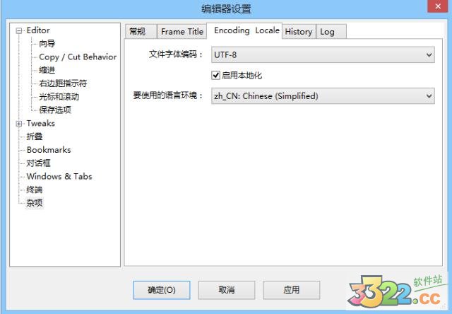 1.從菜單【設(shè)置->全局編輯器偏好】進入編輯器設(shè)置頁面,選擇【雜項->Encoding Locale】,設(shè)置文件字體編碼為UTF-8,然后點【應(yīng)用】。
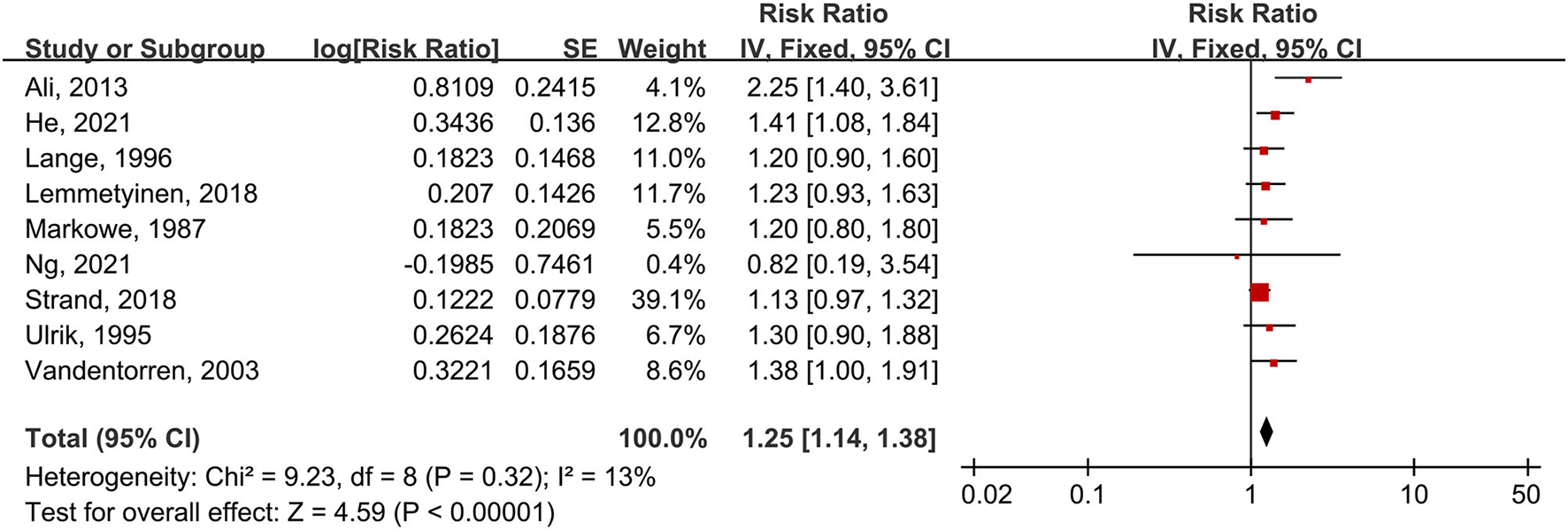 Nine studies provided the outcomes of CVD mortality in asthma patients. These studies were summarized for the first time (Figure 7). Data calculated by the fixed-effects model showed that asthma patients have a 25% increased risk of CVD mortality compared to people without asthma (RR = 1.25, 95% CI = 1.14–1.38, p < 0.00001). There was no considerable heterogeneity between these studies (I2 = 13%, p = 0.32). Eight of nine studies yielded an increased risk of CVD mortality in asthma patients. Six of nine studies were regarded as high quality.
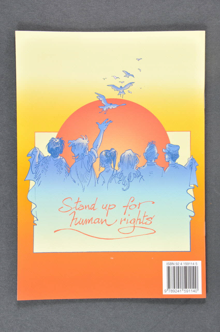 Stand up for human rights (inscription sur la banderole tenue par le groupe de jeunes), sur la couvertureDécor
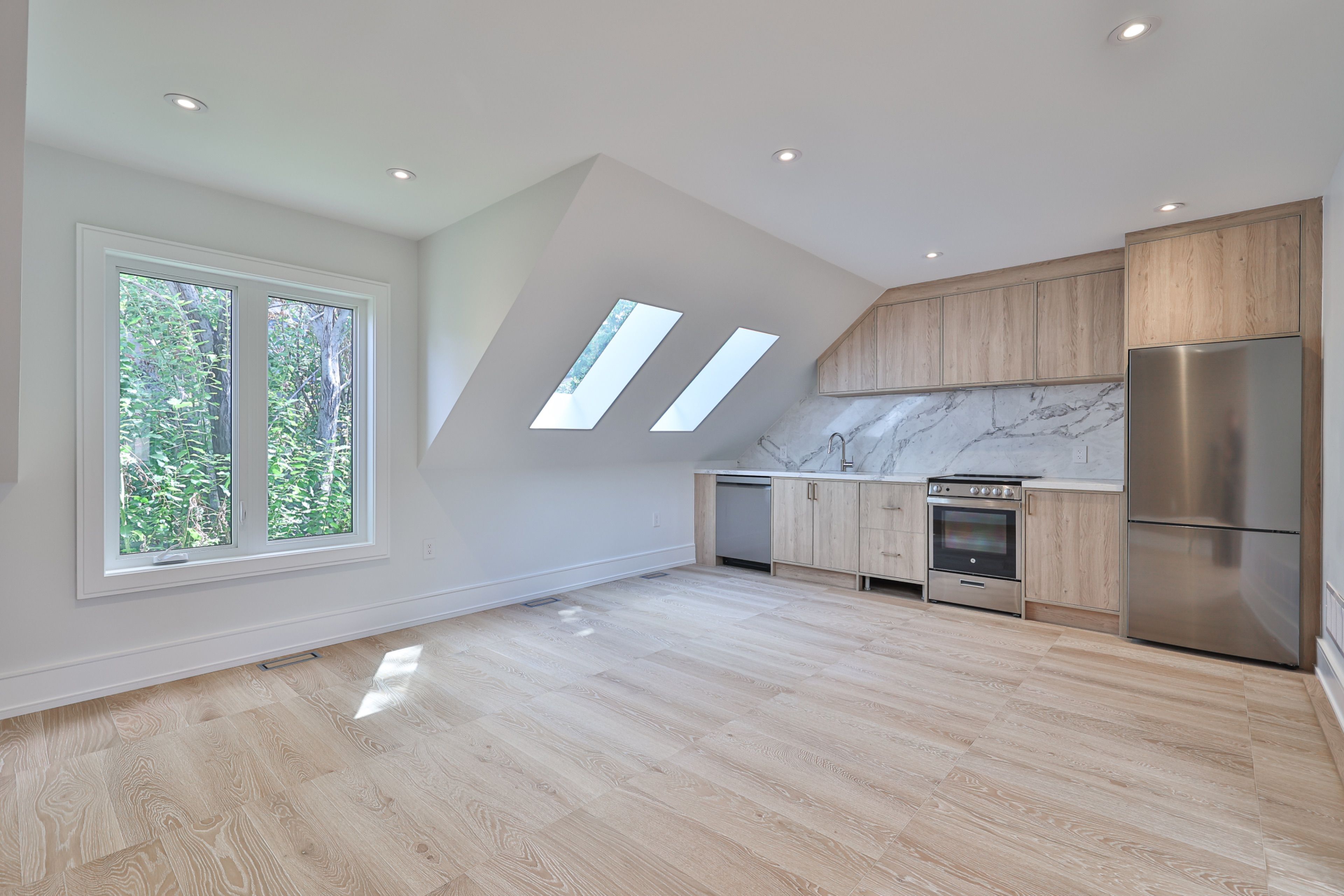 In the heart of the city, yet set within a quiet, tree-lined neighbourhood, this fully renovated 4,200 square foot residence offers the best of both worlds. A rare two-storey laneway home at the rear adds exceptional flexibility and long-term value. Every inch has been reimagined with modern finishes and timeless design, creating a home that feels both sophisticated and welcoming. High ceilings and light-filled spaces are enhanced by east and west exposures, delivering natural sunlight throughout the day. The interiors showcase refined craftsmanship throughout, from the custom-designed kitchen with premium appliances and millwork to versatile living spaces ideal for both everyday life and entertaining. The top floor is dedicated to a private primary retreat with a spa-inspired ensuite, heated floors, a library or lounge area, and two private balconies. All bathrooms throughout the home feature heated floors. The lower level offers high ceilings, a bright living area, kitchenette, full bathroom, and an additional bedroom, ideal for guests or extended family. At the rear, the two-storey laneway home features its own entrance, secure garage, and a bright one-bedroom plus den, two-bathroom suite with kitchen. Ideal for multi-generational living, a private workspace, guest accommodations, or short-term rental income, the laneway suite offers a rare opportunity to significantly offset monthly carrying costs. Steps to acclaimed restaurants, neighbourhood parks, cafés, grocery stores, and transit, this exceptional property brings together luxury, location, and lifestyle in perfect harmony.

++++++++

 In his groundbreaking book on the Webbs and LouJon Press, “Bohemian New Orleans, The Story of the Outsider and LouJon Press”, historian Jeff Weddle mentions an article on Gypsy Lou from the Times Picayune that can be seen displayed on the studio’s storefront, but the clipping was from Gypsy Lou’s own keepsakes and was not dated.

++++++++

Please print the lines above word for word, starting at the one with "1.從菜單【設(shè)置->全局編輯器" and ending at the one with "Stand up for", both included, and without any picture.

● **SOLUTION FOR THIS EXERCISE**:
 1.從菜單【設(shè)置->全局編輯器偏好】進入編輯器設(shè)置頁面,選擇【雜項->Encoding Locale】,設(shè)置文件字體編碼為UTF-8,然后點【應(yīng)用】。
 Nine studies provided the outcomes of CVD mortality in asthma patients. These studies were summarized for the first time (Figure 7). Data calculated by the fixed-effects model showed that asthma patients have a 25% increased risk of CVD mortality compared to people without asthma (RR = 1.25, 95% CI = 1.14–1.38, p < 0.00001). There was no considerable heterogeneity between these studies (I2 = 13%, p = 0.32). Eight of nine studies yielded an increased risk of CVD mortality in asthma patients. Six of nine studies were regarded as high quality.
 Stand up for human rights (inscription sur la banderole tenue par le groupe de jeunes), sur la couvertureDécor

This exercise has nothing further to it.